Right now It’s time to charge our lazers (shoop do whoop), Lulz Energy cells recharged, The battle isn’t over, It was snack time, The pwnage will continue, forever The internet trollz crawled back under their bridge, The meme giantz can’t has cheezburger cuz I punched in their teeth, The snooki-booboos are six feet under the Butter Shores, Now all that’s left are all these noobz, Man they gum up the works
YEEEEA A A A A A AHHHHH!!!!!!!!! (intro yell)
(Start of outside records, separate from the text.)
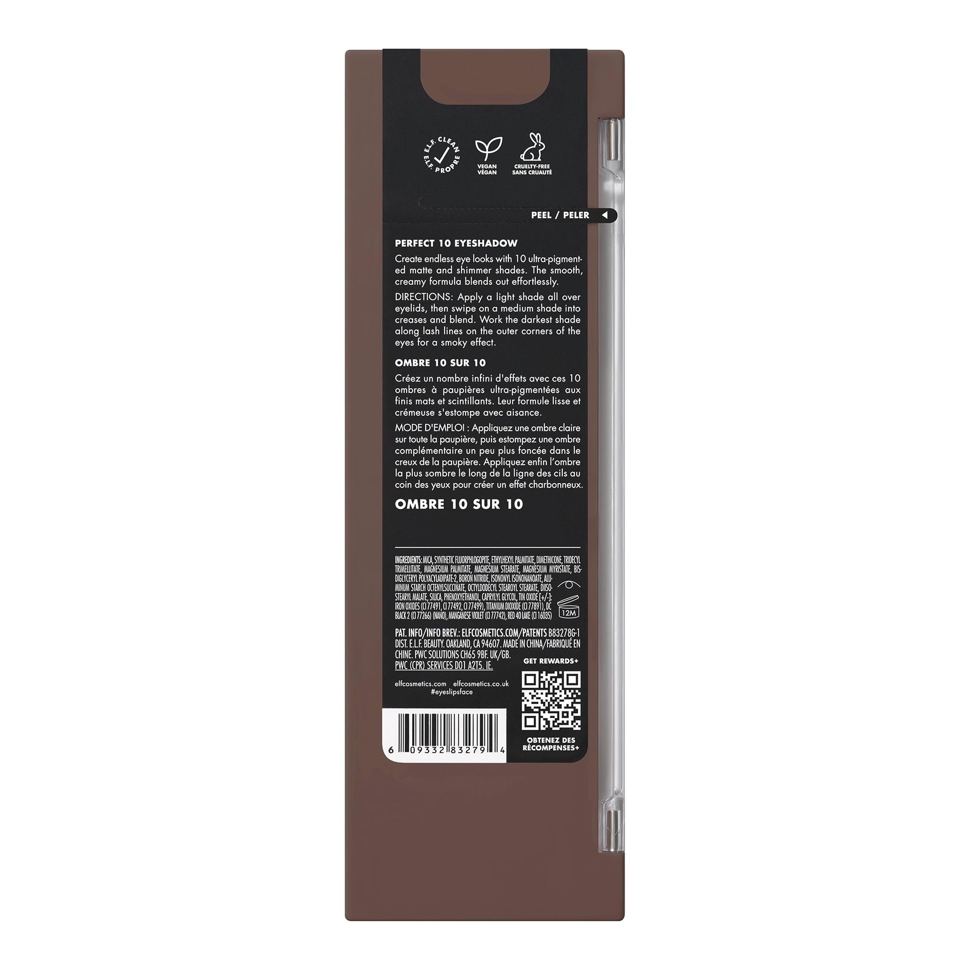 e.l.f. Perfect 10 Eyeshadow Palette, Ten Ultra-pigmented Nude Shades, Blendable Formula, Vegan & Cruelty-free, Everyday Smoky (Packaging May Vary)10 ULTRA-PIGMENTED SHADES: Make your eyes the prize with the e.l.f. Perfect 10 Eyeshadow Palette. Get inspired with this 10-color eye palette, perfect for creating a variety of eye-catching looks.SUBTLE, NUDE SHADES: Effortlessly enhance your eyes with these complementary eyeshadow shades. Subtle, nude tones highlight and brighten eyes while shades of bronze and deep brown sculpt and define for added depth.CREAMY, BLENDABLE FORMULA: The creamy powder formula applies silky smooth and blends with ease, delivering intense color payoff.CREATE INFINITE LOOKS: Features a versatile range of ultra-pigmented shades that invite you to play around and create a range of eyeshadow looks with multidimensional vibes.SKIN-LOVING INGREDIENTS: All e.l.f. products are made from skin-loving ingredients you want, minus the toxins you don’t—all at good-for-you prices. All e.l.f. products are 100% cruelty-free and Vegan.
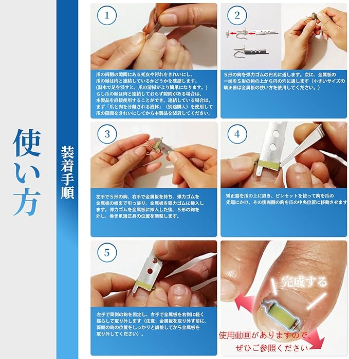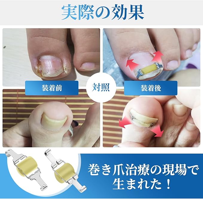 【生活に影響なし】巻き爪器具を装着している間、靴やお風呂に影響はありません。本品は高品質のステンレス鋼と弾性ラテックスで作られており、水が本品に影響を与えることはありません。簡単に付け外しでき、コストパフォーマンスに優れています。
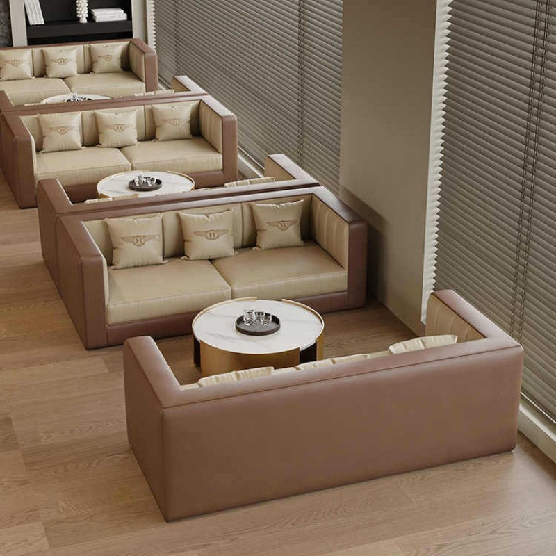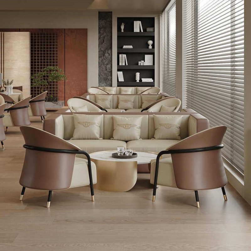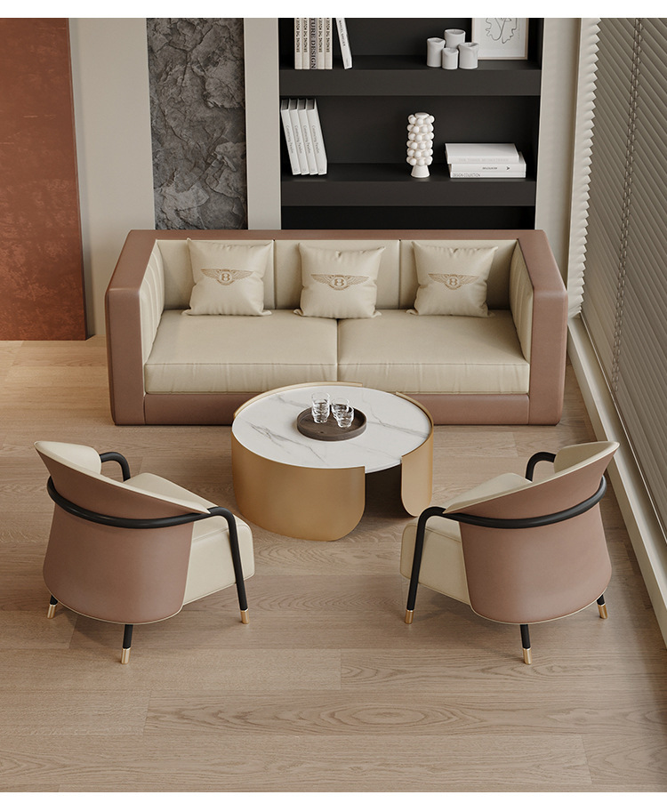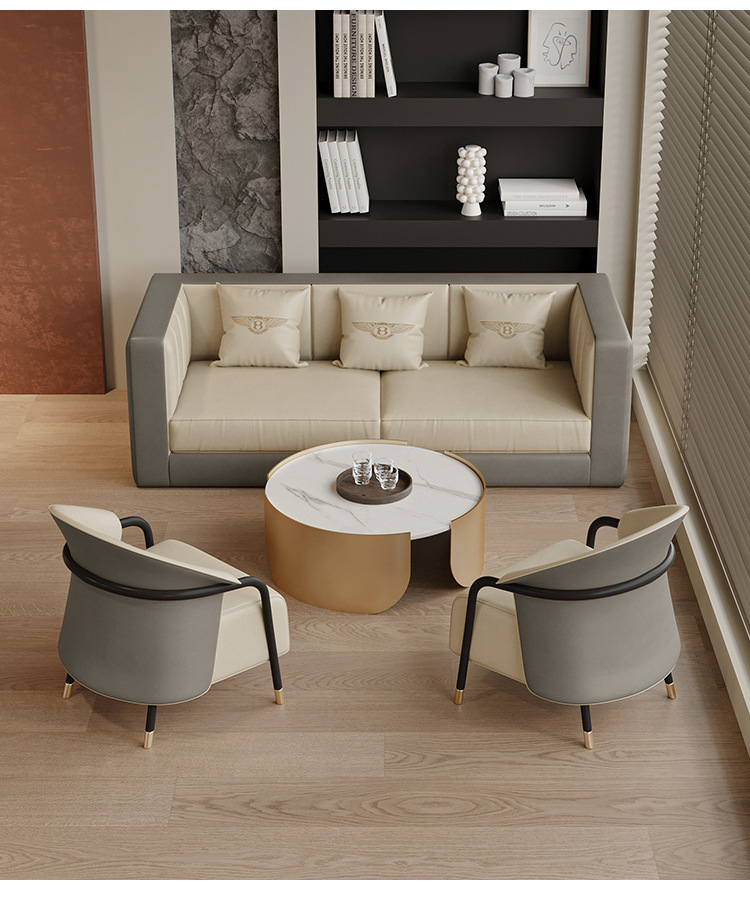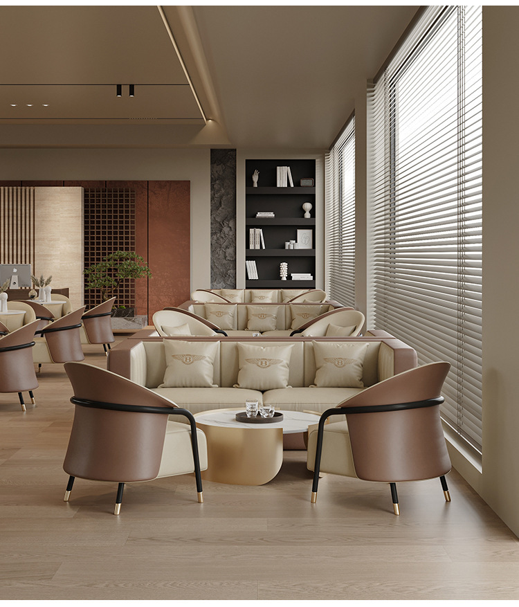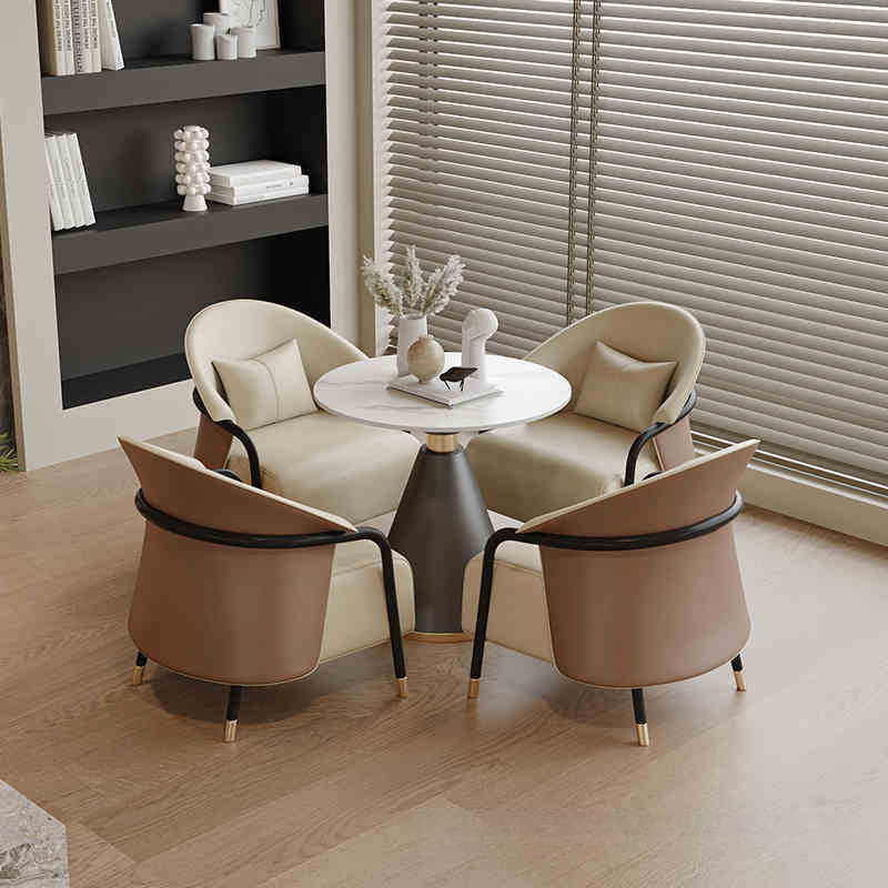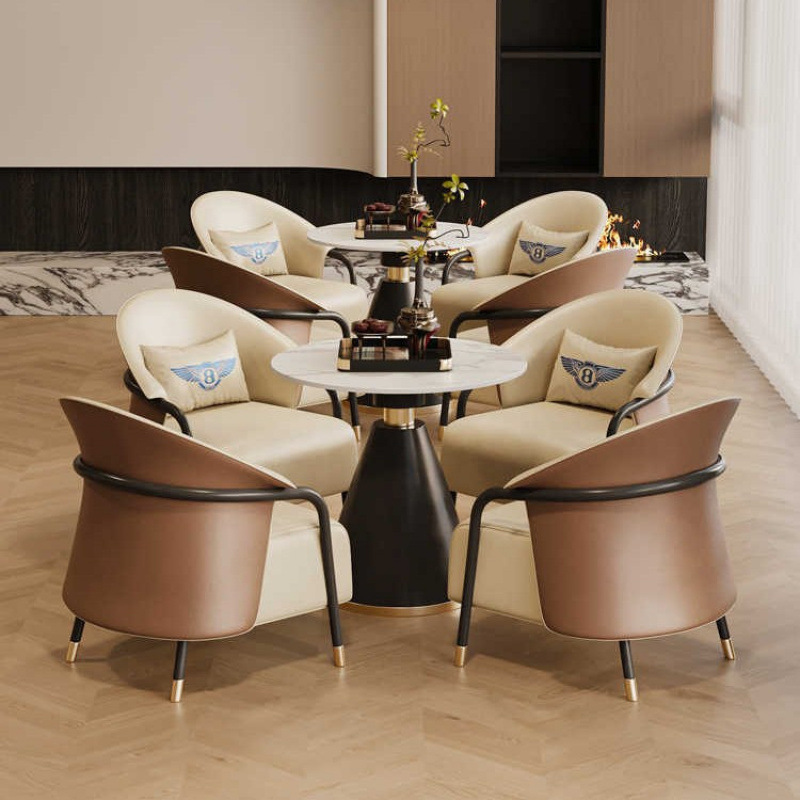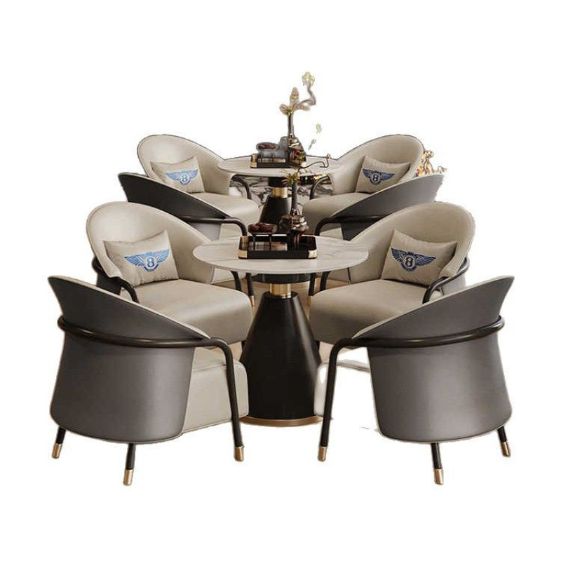 Легкий роскошный офис продаж, диван, стол и стул, комбинация, вестибюль отеля, небольшой круглый стол, приемная, деловая приемная, один стол и четыре стула

A desolate landscape, a blasted world, torn to pieces as Popocalypse unfurls, too brightly lit for any mortal to see, faces replaced with blank screens,
noobz innumerable, they must be freed, they mosh to impending doom as they face me, Atom Boy flies into the melee, a horde of noobz to pwn, none can withstand him, this S.O.B. ownz
ATOM BOY, HE’LL SAVE EVERY ONE OF US!
ATOM BOY, HE’LL SAVE EVERY ONE OF US!
ATOM BOY, SAVIOR OF THE POPOCALYPSE!
ATOM BOY, SAVIOR OF THE POPOCALYPSE!
Weapons galore, armored to the max, stacks on stacks of weapon racks, the only thing Atom Boy lacks is a battle axe, Atom Boy attacks while eating badass snacks ATOM BOY, HE’LL SAVE EVERY ONE OF US! ATOM BOY, SAVIOR OF THE POPOCALYPSE!
A million battles over, a million more to go, our hero can never die Eternal battle forever, it’s time for our hero to rise (x2) Alright, yea, LOOKOUT!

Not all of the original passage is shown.